D&O-Versicherung: Klausel über automatisches Vertragsende bei Insolvenz ist unwirksam

Eine Klausel in den Allgemeinen Versicherungsbedingungen einer D&O-Versicherung, die ohne Berücksichtigung der sich aus § 11 Abs. 1 und 3 VVG ergebenden Mindestkündigungsfrist das automatische Ende des Versicherungsvertrages mit dem Ablauf der Versicherungsperiode vorsieht, in welcher der Antrag auf Eröffnung des Insolvenzverfahrens über das Vermögen der Versicherungsnehmerin gestellt worden ist, ist unwirksam.

Der Sachverhalt:
Der Kläger, Insolvenzverwalter über das Vermögen der E AG (im Folgenden: Insolvenzschuldnerin), nimmt die Beklagte aus abgetretenem Recht aus von der Insolvenzschuldnerin und einem früheren Vorstand unterhaltenen D&O-Versicherungen in Anspruch.

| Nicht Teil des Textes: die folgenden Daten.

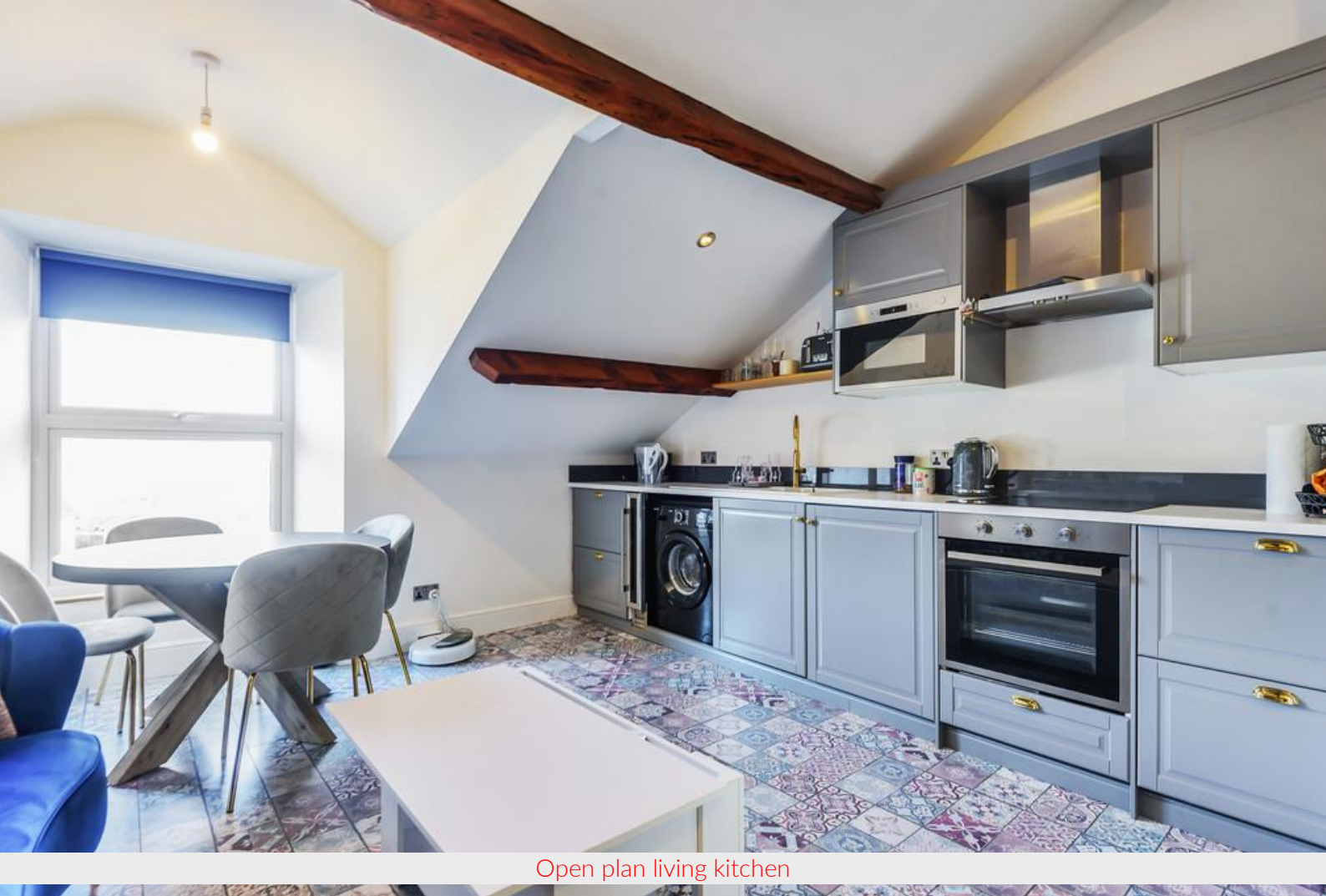
Open plan living kitchen

Location: Located in central Bowness, with access to the flat off Bank Terrace, opposite the public carpark on Lake Road, above the 'Urban Food House' restaurant. Access from the rear of the building up a metal staircase to the second floor.

Die Insolvenzschuldnerin und ihr früheres Vorstandsmitglied L schlossen mit der Beklagten in den Jahren 2013 bzw. 2014 Vermögensschaden-Haftpflichtversicherungen, denen u.a. "Allgemeine Versicherungsbedingungen zur Vermögensschaden-Haftpflichtversicherung für Geschäftsführer, Bei- und Aufsichtsräte sowie Vorstände und leitende Angestellte (D&O - Directors & Officers Liability Insurance)" (im Folgenden: AVB) zugrunde lagen.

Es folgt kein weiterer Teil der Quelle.